Some of the recommendations raised concerns among some task force members, who attached dissenting opinions.

"I think there is a lot in the report we can agree on, but some of the recommendations are deeply troubling," said Rep. Howard L. Berman (D-Panorama City), one of 23 Californians on the task force. "I think when people mull them over, they will see that kicking tens of thousands of kids out of school and discouraging people from seeking emergency health care is counterproductive to what we want to do."

The report's more than 100 recommendations range from tighter border enforcement to streamlined deportation proceedings to stricter penalties for illegal immigrants and those who hire them. Gallegly discounted comparisons with Proposition 187, which covered some of the same turf as the task force report. It has bogged down in the courts since its approval by California voters last fall.

Proposition 187 calls for the denial of public education, non-emergency health care and public social services to illegal immigrants. It requires health care facilities, educators, social workers and law enforcement officers to report undocumented immigrants to the INS and requires schools to check the immigration status of pupils and their parents.

But while Gallegly shied away from comparing the two plans, others made the connection.

"This is even better than Prop. 187," said Rep. Dana Rohrabacher (R-Huntington Beach), a task force member. "This is the type of package that screams out: 'We're serious about this problem.' This again confirms that when California starts the ball rolling, it rolls east until it reaches the Capitol and then it lands with a big thud."

Drawn up in three months, the report is based on a survey of existing immigration laws and reform ideas offered by dozens of lawmakers after visits to the California-Mexico border and airports in New York City and Miami.

Some of the recommendations would require diplomatic arrangements, such as a proposal to deport criminals to the interior of their country, instead of a border town, in order to make immediate re-entry more difficult.

"Rather than taking some of them down to Tijuana or Mexicali, we'd take them to Mexico City or Guadalajara so it would take more to return than a walk across the border the next day," Gallegly said.

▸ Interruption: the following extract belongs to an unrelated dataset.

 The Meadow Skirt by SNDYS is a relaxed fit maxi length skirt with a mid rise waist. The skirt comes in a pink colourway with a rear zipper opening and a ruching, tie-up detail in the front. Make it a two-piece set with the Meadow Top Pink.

To handle increased arrests, the report suggests increasing INS detention space from about 3,500 beds to at least 9,000 and even using closed military bases to handle those arrested. The issuance of visas would be tightened, with special attention given to those countries with the highest rates of citizens who overstay their visas, such as Yemen, Bangladesh, Syria, Haiti and Iraq.

The report calls for a beefed-up Border Patrol but argues that as many as half the new agents should be assigned away from the border, to handle inspections of job sites and investigations of fraudulent-document rings. The INS would be merged with the Customs Service to better coordinate their operations.

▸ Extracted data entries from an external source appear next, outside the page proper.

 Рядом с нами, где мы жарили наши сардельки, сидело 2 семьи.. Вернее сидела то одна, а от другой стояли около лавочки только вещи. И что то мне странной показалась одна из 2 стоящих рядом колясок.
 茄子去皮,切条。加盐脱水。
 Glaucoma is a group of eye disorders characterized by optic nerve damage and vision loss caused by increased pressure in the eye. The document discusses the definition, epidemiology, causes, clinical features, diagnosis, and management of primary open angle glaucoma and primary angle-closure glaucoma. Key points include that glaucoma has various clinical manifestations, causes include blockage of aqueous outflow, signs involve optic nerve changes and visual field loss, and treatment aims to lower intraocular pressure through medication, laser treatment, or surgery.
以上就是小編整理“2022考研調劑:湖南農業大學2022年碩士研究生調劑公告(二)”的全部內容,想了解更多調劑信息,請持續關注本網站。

The report recommends two massive pilot projects to help employers verify the immigration status of applicants: a tamper-proof Social Security card and a computerized registry using INS and Social Security data that employers could access through a toll-free number. Each pilot project would be tried in two states to assess the best approach to stop the proliferation of false documents.

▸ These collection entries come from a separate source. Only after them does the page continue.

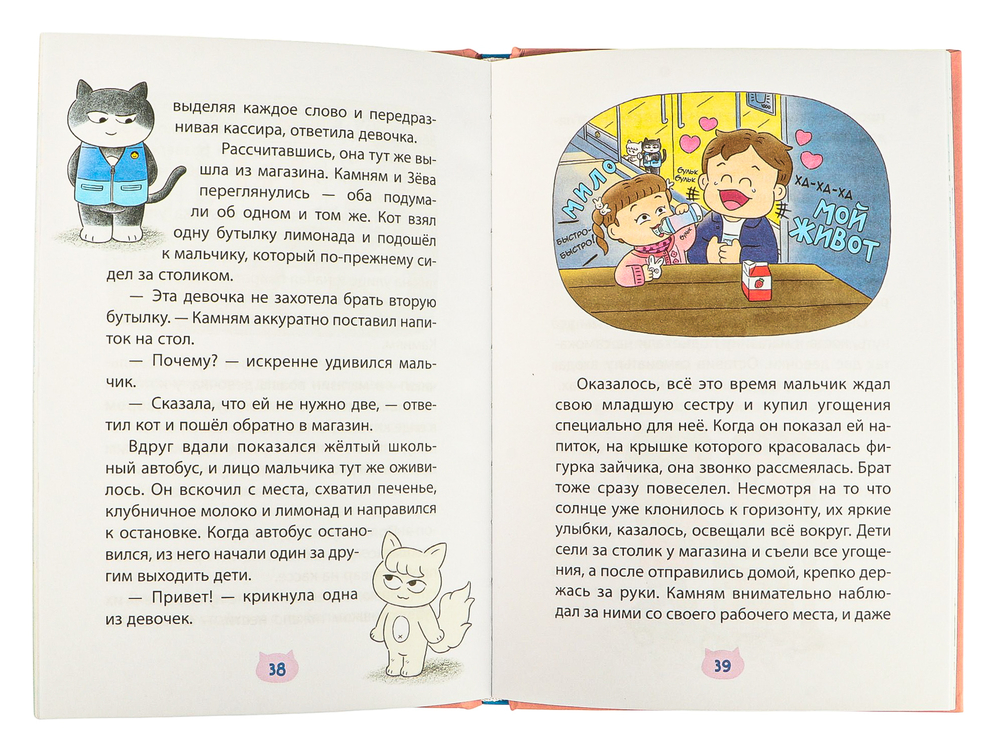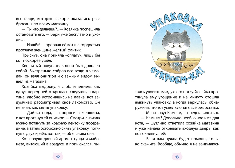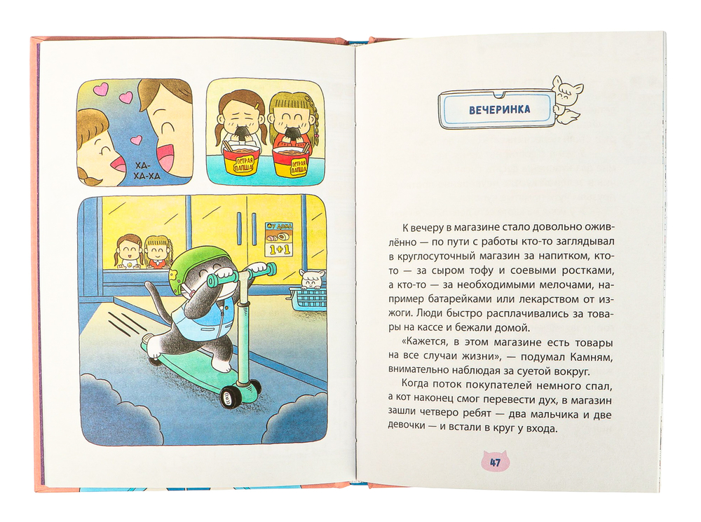 Путешествие Камняма продолжается! На этот раз находчивый кот пришёл поработать в самый уютный магазинчик на свете: здесь продаются вкусные печенья и тортики ко дню рождения, длинная лапша и шипучий лимонад.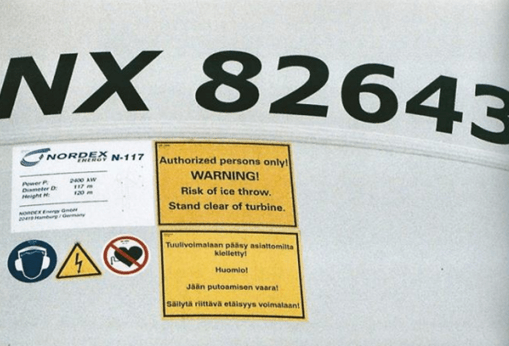Kuva: Tuulivoimaloiden ympärille on määritelty ”riittävä” varoalue. Kyltissä varoitettaneen melusta, jäänheitosta/-putoamisesta, sydämentahdistimen käytöstä ja ukonilmasta tai sähköiskun vaarasta.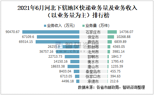 2021年6月河北下轄地區(qū)快遞業(yè)務(wù)量及業(yè)務(wù)收入(以業(yè)務(wù)量為主)排行榜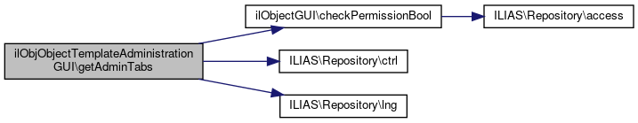 Here is the call graph for this function:| ilObjObjectTemplateAdministrationGUI::getAdminTabs | ( | ) |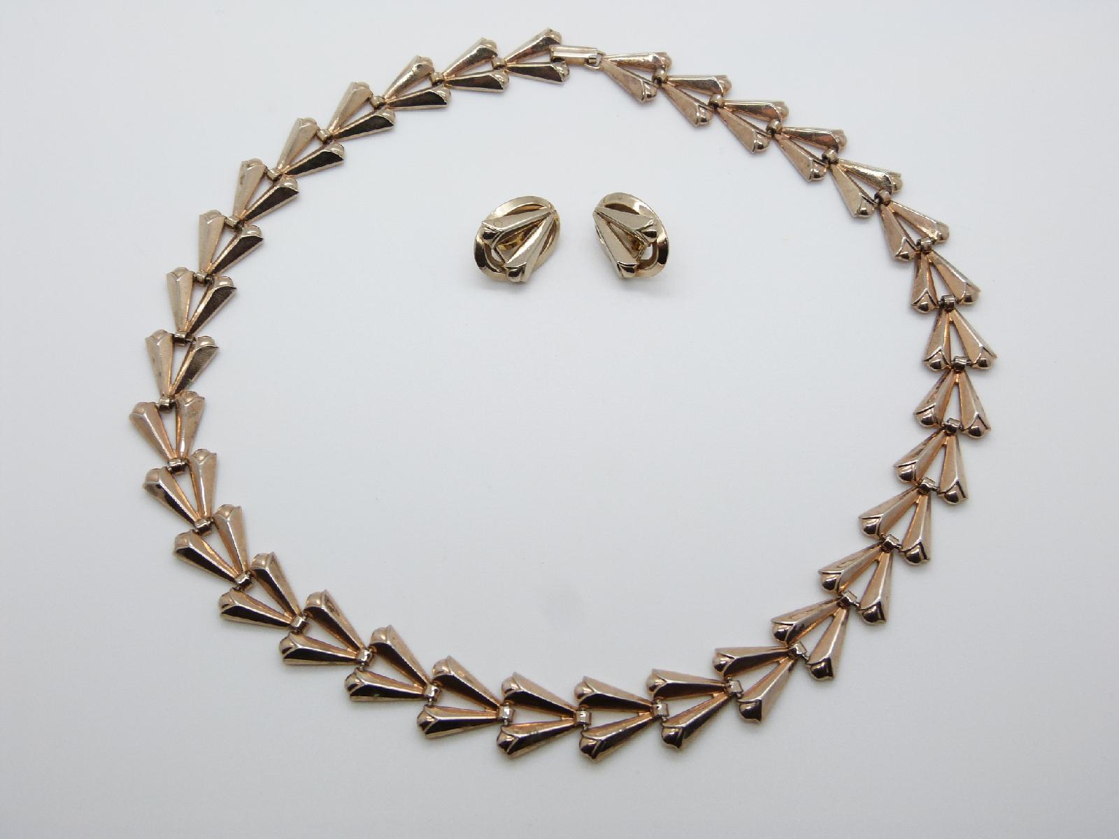 Vintage 30s Lovely Rose Gold Plated Geometric Design Link Necklace and Clip On Earrings Set
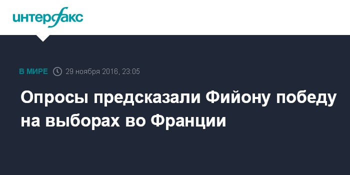 По данным опроса Kantar Sofres, если бы выборы прошли сейчас, в первом туре выборов Фийон получил бы от 28% до 31% голосов избирателей. Ле Пен, в свою очередь, получила бы от 23% до 25% голосов.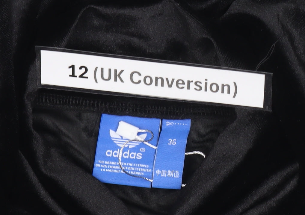 Adidas Womens Black Velour Hoodie UK 12 Pullover Logo Hooded Sweatshirt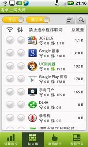 目前最领先的网络防火墙,集所有信息于一页面,对流量情况和操作得心应手:分应用统计流量,分WIFI和2G/3G统计流量,显示正在运行(绿色应用名称)和正在联网(绿色上网符号)的应用!便捷的程序流量查找,可按关键字搜索,按WIFI或2G/3G流量大小、按选中、按联网状态、按运行状态排序等。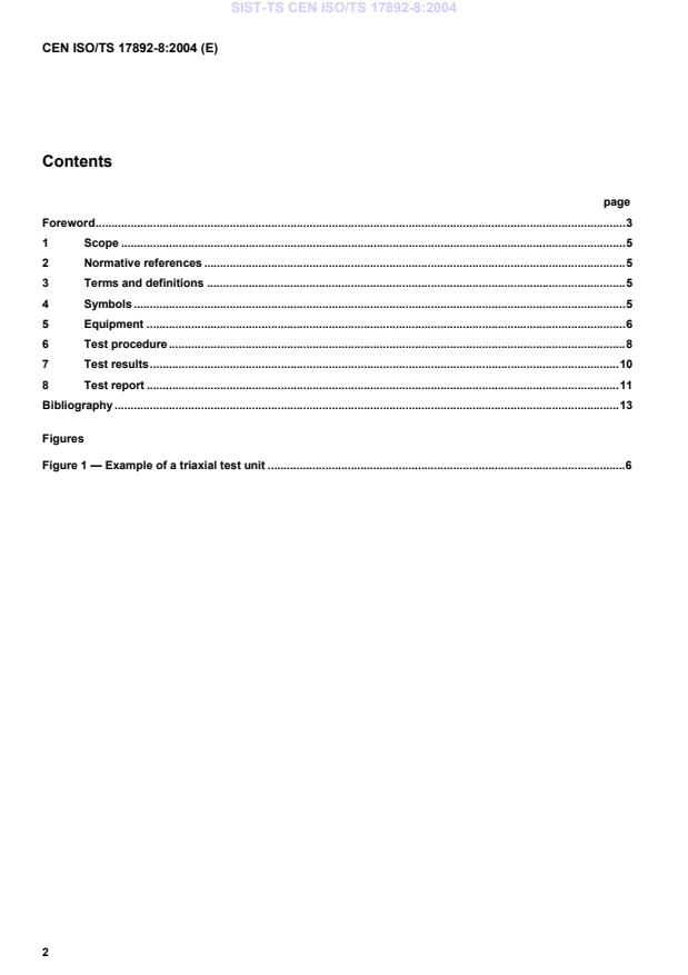 ISO/TS 17892-8:2004 specifies the test method for the determination of the compressive strength of a cylindrical, water-saturated specimen of undisturbed or remoulded cohesive soil when first subjected to an isotropic stress without allowing any drainage from the specimen, and thereafter sheared under undrained conditions within the scope of the geotechnical investigations according to prEN 1997-1 and -2. NOTE "Water-saturated" refers to the in-situ condition. The material tested need not necessarily be saturated at all stages during the laboratory testing.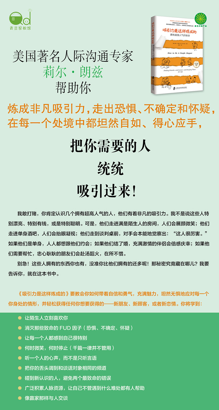 如何让陌生人立刻喜欢你?如何消灭那些致命的FUD因子(恐惧、不确定、怀疑)?如何让每一个人都感到自己很特别?何时微笑,何时停止(千篇一律并不管用)?如何听一个人的心声,而不是只听言语?如何把你的舌头调到和谈话对象相同的频道?碰到新认识的人,如何避免两个致命的错误?如何广泛积累人脉资源,让自己不管遇到什么难处都有人帮助?如何像赢家那样与人交谈?你肯定想知道这些问题的答案,或者你正被友情、爱情、人脉等社会交往方面存在的问题所困扰,那么《吸引力是这样炼成的》所提供的机智、实用、有效甚至有些狡黠的沟通技巧一定会令你受益匪浅,因为它们并非空穴来风,而是有社会学研究的支持,又被上千人的应用所证实。朗兹女士善解人意,全书幽默风趣,必定带给你欢笑与思考,也会让你产生立刻实践的渴望与勇气!

The task force incorporated many suggestions from other recent immigration proposals.

The report suggests passing legislation to give states the option of denying public education for primary, secondary and post-secondary education to illegal immigrants. A 1982 Supreme Court decision ruled that illegal immigrants are entitled to public education under the equal protection clause of the Constitution. Gallegly contends that the decision could be overruled by congressional action, although others argue that a constitutional amendment would be required.